During caching of a program page the CPU is halted until all bytes are copied.
For more details on caching see $7f4c.
For cartridge ROM/RAM access, there are two different configurable waitstate
counts (called WS1+WS2 here; see $7f50 below).
WS1 applies to cart ROM, WS2 applies to cart RAM.
(for sake of completeness in conjunction with $7f47, $7f40-$7f46 are listed
$7f40: DMA source low byte
$7f41: DMA source high byte
$7f42: DMA source bank
$7f43: DMA length low byte
$7f44: DMA length high byte
$7f45: DMA destination low byte
$7f46: DMA destination high byte
$7f47: DMA destination bank (!)
ALSO: Trigger GPDMA (BUS<->internal map)
Trigger program page caching
0: Page select (0/1)
This preloads a cache page with bus data (cart ROM/RAM) pre-set by the
offset select ($7f49-$7f4b) and program page select ($7f4d-$7f3e)
registers. The appropriate number of waitstates for the designated
memory type applies.
1: cache page 1 lock (1=locked)
0: cache page 0 lock (1=locked)
The cache page lock flags are used to prevent the CPU from buffering
to the corresponding cache page at runtime (e.g. when the pgm_page
register is prepared and a JMP/CALL P instruction is executed).
The cache pages can still be filled by writing to $7f48.
This is more or less a tuning mechanism for the developer who can decide
to keep certain code cached at all times.
Several constellations must be considered when code is executed in one
of the cache pages:
no pages locked:
If the other page already contains the program page required, the CPU
will just jump there.
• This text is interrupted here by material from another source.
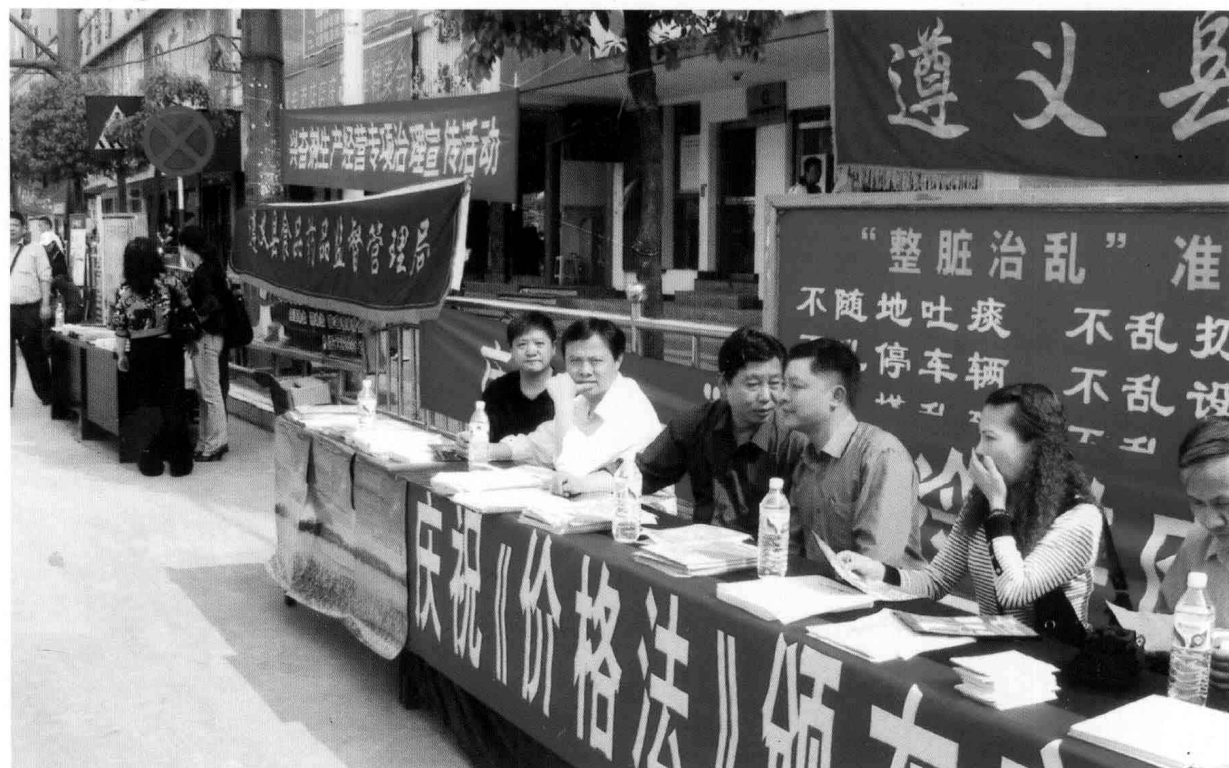
2007年5月，县物价局进行价格法律、法规、政策宣传。

Otherwise the other page will be loaded with the
program page contents from ROM prior to jumping and its tag will be
either of the pages locked:
The other page cannot be used for buffering so unless it already
contains the desired program page the same page is used, overwriting
the code that is currently executed. If a RET occurs, the previous
program page is swapped back in. This requires reading 512 bytes from
cartridge ROM every time so it can get very slow.
both pages locked:
ONLY the program pages that have been pre-cached by writing $7f4d/e and
$7f48 are available to the CPU. If a different program page is requested
prior to execution either by $7f4d/e -> $7f4f, or by a JMP/CALL P
instruction at runtime, execution will stop immediately.
$7f50: 7: -
6-4: WS1 (ROM read waitstates) (0-7)
2-0: WS2 (cart RAM read/write waitstates) (0-7)
$7f51: 0: IRQ ack / inhibit
(write 1 to ACK and disable further IRQ
write 0 to enable IRQ)
$7f52: ROM configuration select
LoROM: 0: 2x 8Mbit (A21 switches between ROM /CE1 and /CE2)
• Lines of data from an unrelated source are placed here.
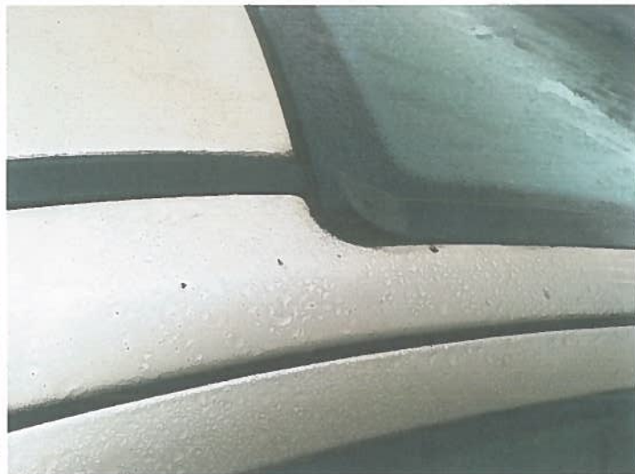
Przełamana listwa prawa szyby czołowej.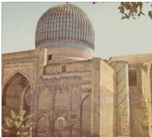
مقبره امیر تیمور گورکانی در سمرقند معروف به گور امیر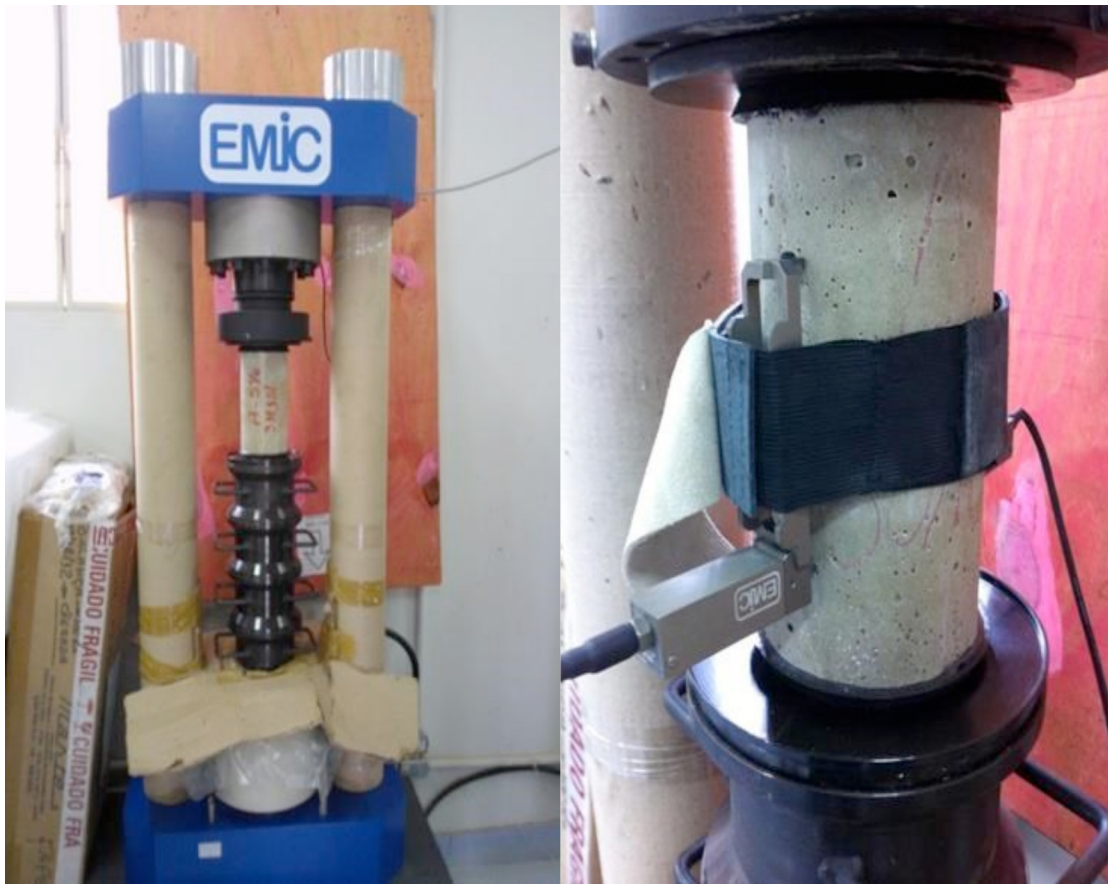
Figura 3 Ensaio de resistência à compressão e módulo de elasticidade.

1: 1x 16Mbit (maybe A22 switches but 40-7f/c0-ff are inactive)
HiROM: 0: 2x 8Mbit (A20 switches)
1: 2x 16Mbit (A21 switches)
$7f53: READ (mirrors: $7f54-$7f57, $7f59, $7f5b-$7f5f)
7: CPU is accessing ROM bus (SNES cut off)
6: CPU is running
1: IRQ pending
0: Cx4 suspended (see $7f55-$7f5d)
WRITE (no mirrors)
Any write access returns the Cx4 to idle state immediately - useful to
recover from infinite loops ;)
$7f55: Any write access indefinitely suspends the Cx4 (registers can be
read and written but the CPU shows no reaction: no buffering occurs,
no code is run and $7f53 is not updated).
Cx4 status bit 0 is set.
$7f56: Any write: Suspend Cx4 for 32 cycles ( 1.6µs @20MHz)
$7f57: Any write: Suspend Cx4 for 64 cycles ( 3.2µs @20MHz)
$7f58: Any write: Suspend Cx4 for 96 cycles ( 4.8µs @20MHz)
$7f59: Any write: Suspend Cx4 for 128 cycles ( 6.4µs @20MHz)
$7f5a: Any write: Suspend Cx4 for 160 cycles ( 8.0µs @20MHz)
$7f5b: Any write: Suspend Cx4 for 192 cycles ( 9.6µs @20MHz)
$7f5c: Any write: Suspend Cx4 for 224 cycles (11.2µs @20MHz)
These registers can be used to obtain guaranteed access to ROM/RAM from the
SNES side while the Cx4 is running. CPU and/or ongoing DMA transfers are
$7f5d: Any write clears the Cx4 suspend flag and the chip becomes
responsive again (presumably resumes execution).
$7f5e: Any write clears the IRQ pending flag WITHOUT touching the actual
cart IRQ signal (remains low)
If IRQ is enabled, /IRQ goes high->low when the Cx4 CPU stops, and stays low.
Software must ACK by writing 1 to $7f51 bit 0 -> /IRQ will go high again.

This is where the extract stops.